### [WORK ORDER]
Please copy the data below exactly; none of the pictures in it belong in the copy.

### [DATASET CONTENT]

────────────────────────────────────────

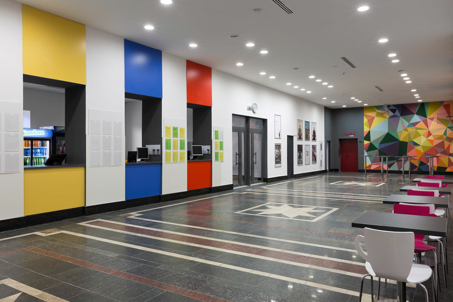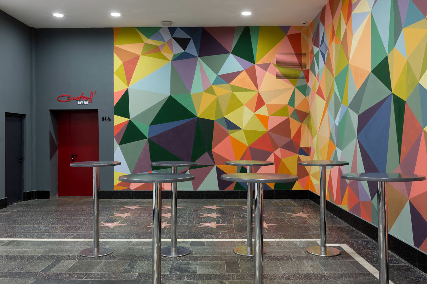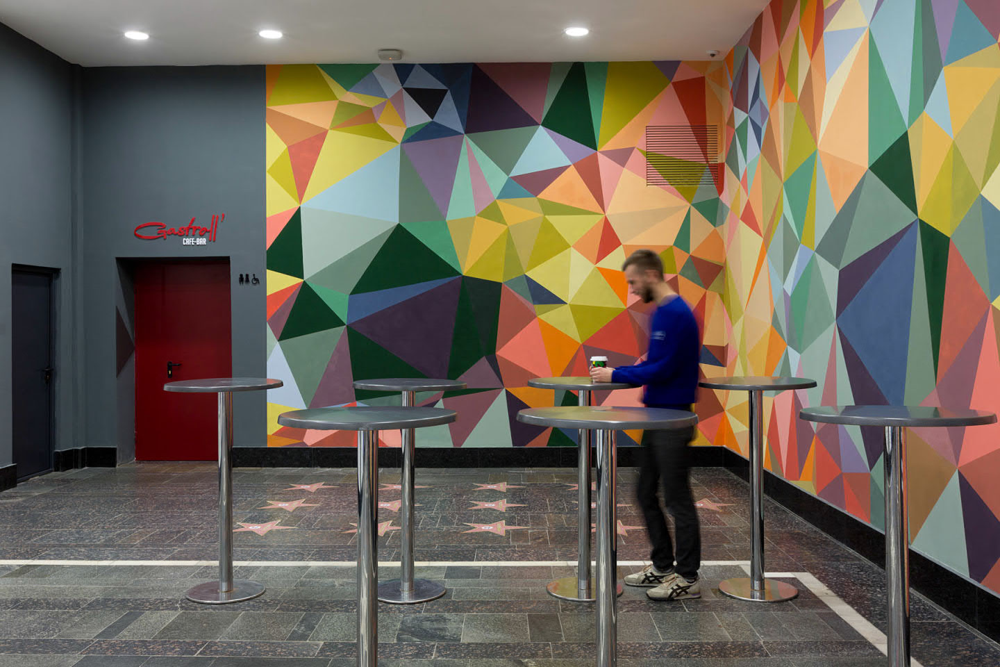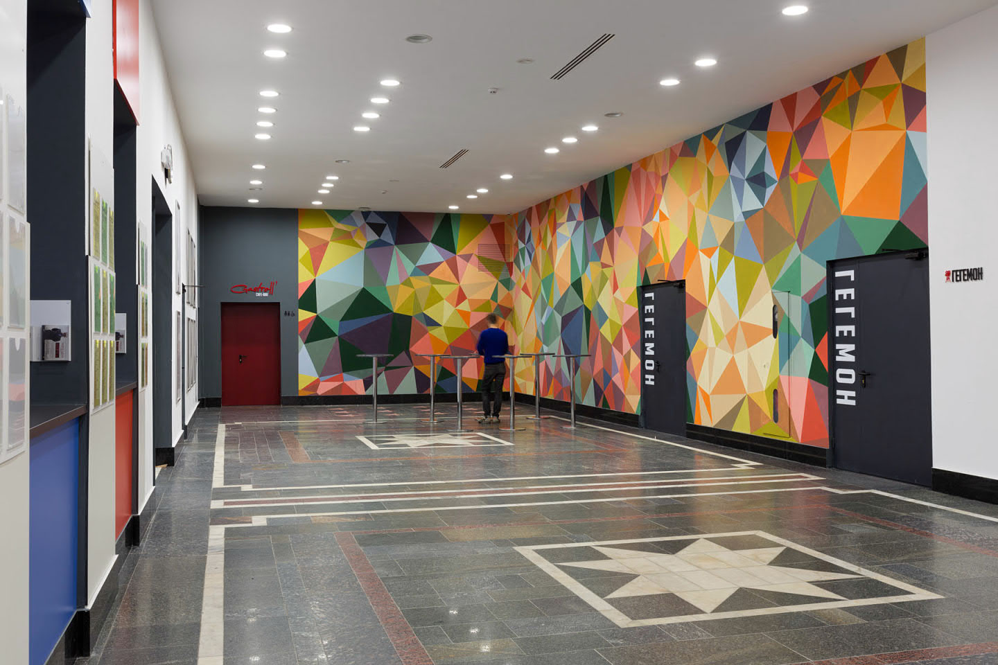 Therefore, it was decided to keep the same color that everyone already remembered. The additions of a dark gray color in the form of the cinema and slightly different sign design, now located at the intersection of streets, became small changes. The sign above the main entrance was colored in red. Such a choice favorably distinguishes the name, attracts the attention of passers-by, and salutes the old Zhovten.
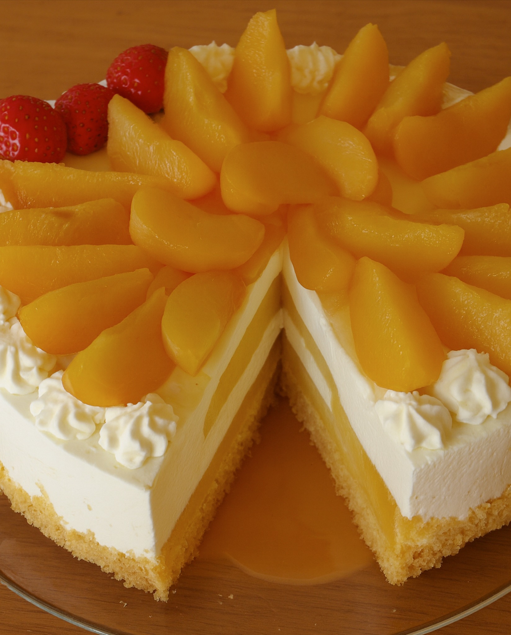Vegane Pfirsich-Torte: Mit pflanzlicher Sahne, Agar-Agar und veganem Biskuit.
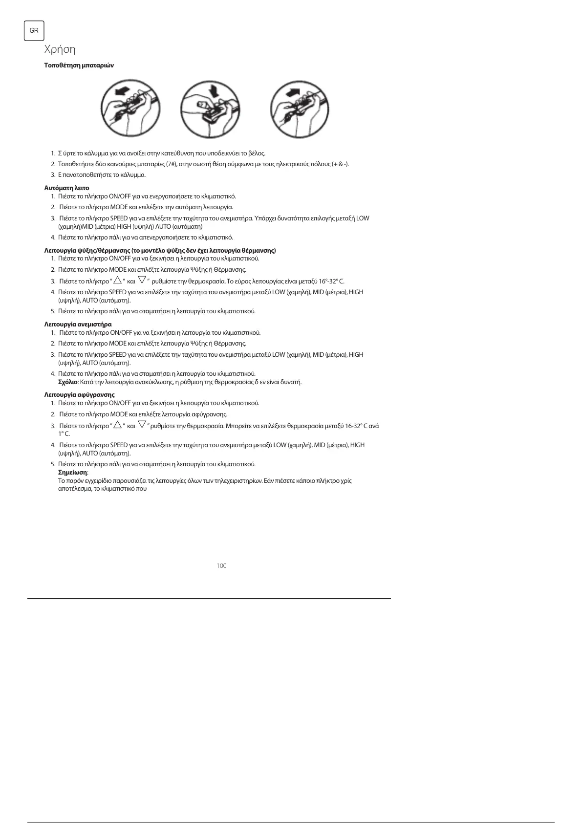 ” και ” ρυθμίστε την θερμοκρασία. Μπορείτε να επιλέξετε θερμοκρασία μεταξύ 16-32° C ανά

────────────────────────────────────────

### [TASK ANSWER]
 Therefore, it was decided to keep the same color that everyone already remembered. The additions of a dark gray color in the form of the cinema and slightly different sign design, now located at the intersection of streets, became small changes. The sign above the main entrance was colored in red. Such a choice favorably distinguishes the name, attracts the attention of passers-by, and salutes the old Zhovten.
Vegane Pfirsich-Torte: Mit pflanzlicher Sahne, Agar-Agar und veganem Biskuit.
 ” και ” ρυθμίστε την θερμοκρασία. Μπορείτε να επιλέξετε θερμοκρασία μεταξύ 16-32° C ανά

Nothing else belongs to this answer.